Yeah, this should end well.
It’s been really graceful so far.
“Pleasure doing business with you, sir.”
Seriously some of Ryan’s best work.
Do you like how I keep refusing to learn gifs?
NEXT: Bring that baby in here — J. Lo is hungry Back to reality: J. Lo annoys the hell out of me during hairdresser Madelyn Patterson, 22’s critique as she just gives away the golden ticket following an “Up to the Mountain” cover full of runs. Ugh! You are no Head Judge Len Goodman, lady. At least let everyone speak before you make an executive decision.
Harry: “Some people on this panel are very easily impressed by licks and runs, and, well…” [J. Lo gives away ticket] … “Don’t listen to me! I was gonna give you some advice.” Agh!
Okay, perhaps this girl will surprise us all, but she wasn’t that impressive just now and frankly, if you’ve waited hours, days, years to stand in front of these people and sing…. I just think it says a lot about a contestant’s caliber if she doesn’t hear that and immediately lunge at the chance for more feedback. It’s just sad. She’s made it to Hollywood now, so this part is over and she can count it as a “win.” That’s not healthy! And we’re back to Existential Crisis Jr., who gives up and softly mutters, “You will hear [the advice] in Hollywood. Congratulations.” He’s been licked.

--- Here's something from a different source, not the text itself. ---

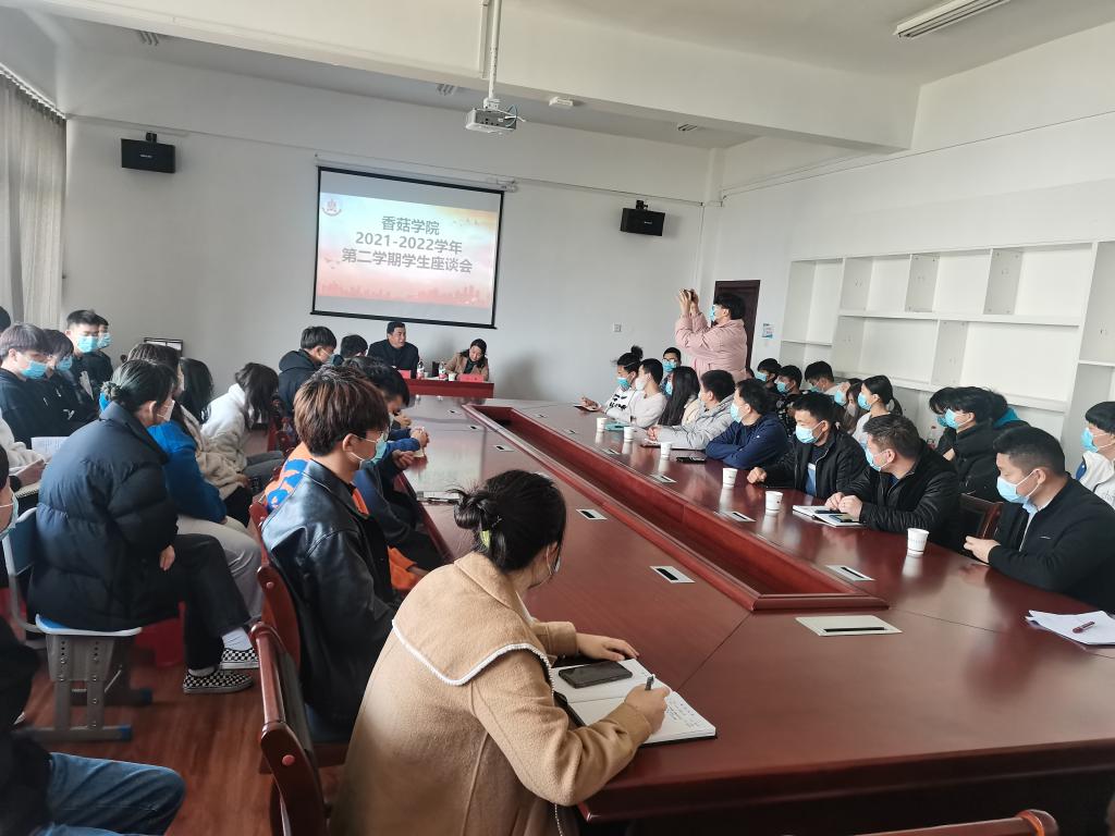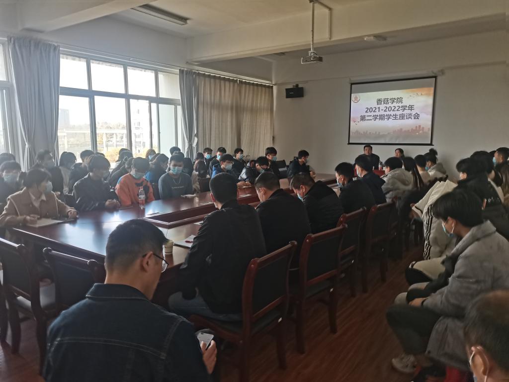 2022年3月3日上午,香菇学院在霞客楼3楼会议室召开了“2021—2022年第二学期学生座谈会”,21级绿色食品专业3个班同学参加此次会议,会上边银丙院长和王琳院长围绕同学们的一系列提问展开了座谈。

But the virtual sucker punch wasn’t enough! “I will punch you in the stomach,” J. Lo playfully promises.
But why get your kicks punching a handsome grown man in the stomach when you can eat an adorable baby’s leg? On to the next: Jordan Grizzard, 27, a youth pastor from Dallas, earns a standing ovation from Keith and Jennifer, plus “the first time Harry’s smiled in an audition” following his cover of “Ain’t No Sunshine When She’s Gone.” You wanna know why he smiled? J. Lo doesn’t, but you never know, the contestant just might. “You went right down the minor scale. People don’t do that a lot.” This was actually my favorite part of Jordan’s audition, too. But would everyone just shut up about music? The Bronx Steamroller’s dinner has arrived and her name is Jocelyn, four months old.
Power Chord #3: Viviana Villalon, 19 (Maroon 5 on the ukelele), Savannah Young, 17 (acoustic guitar on “Toxic”), and Ben Boone, 22, who gave J. Lo her official first goosies of the season with his cover of “Too Close.” No other comments for this lonely chord. Savannah is a white-blonde teenage lifeguard. I doubt that’s the last we’ll see of her.

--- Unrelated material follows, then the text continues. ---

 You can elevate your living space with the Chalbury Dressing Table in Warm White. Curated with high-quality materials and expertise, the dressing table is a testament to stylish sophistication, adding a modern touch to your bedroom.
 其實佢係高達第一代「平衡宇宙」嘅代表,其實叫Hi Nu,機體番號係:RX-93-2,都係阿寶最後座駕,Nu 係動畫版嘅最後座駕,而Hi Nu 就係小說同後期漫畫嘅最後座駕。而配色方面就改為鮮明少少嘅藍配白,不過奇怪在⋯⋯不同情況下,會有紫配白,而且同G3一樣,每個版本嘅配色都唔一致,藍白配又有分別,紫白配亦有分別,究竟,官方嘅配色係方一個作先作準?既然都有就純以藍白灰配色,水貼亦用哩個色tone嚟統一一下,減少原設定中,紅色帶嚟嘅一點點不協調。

Arkansas deli grocer Malcolm Allen, 21, is music. His tattoo says “I am music,” and that’s permanent ink, so shut up. His rendition of “Superstition” sounds “so natural I could throw a pen at you,” says J. Lo, currently out of pens. This guy seems a bit overconfident for me, but he’s probably just nervous. The tone of his voice is beautiful and different, and that should really be all that matters during these auditions.
J. Lo shatters the illusion that she always tells the truth with this quick quip: “Finally, when they put that camera in my face, I can say ‘It was greeeeeeeat. Yeah, it was awesome.”
After a pretty effing funny “WHO DAT?” segment about how no one knows who Tony Connick Jr. is (“He’s white, but he sounds black,” a mother helpfully informs her son), Sugar Land, Texas-via-Pakistan contestant Munfarid Zaidi, 19, takes the stage. He reads Harry’s Wikipedia page every night before going to sleep (?!), and appropriately sings Adele’s “Crazy For You.” His voice is okay; I’m more struck by his cool sense of rhythm. To be honest I’m still reeling about the Wikipedia every night thing.
Anyway, Harry gets up and just cradles this kid and won’t let go. It’s so delightfully bizarre that I have no choice but to love it. I mean, WHAT? “Why was he cradling you?” wonders a jealous Seacrest. Munfarid Zaidi stared off thoughtfully for a second.
“Because I love him.”
Munfarid Zaidi, you are certainly not alone. What about you, readers? Are you in for season 13?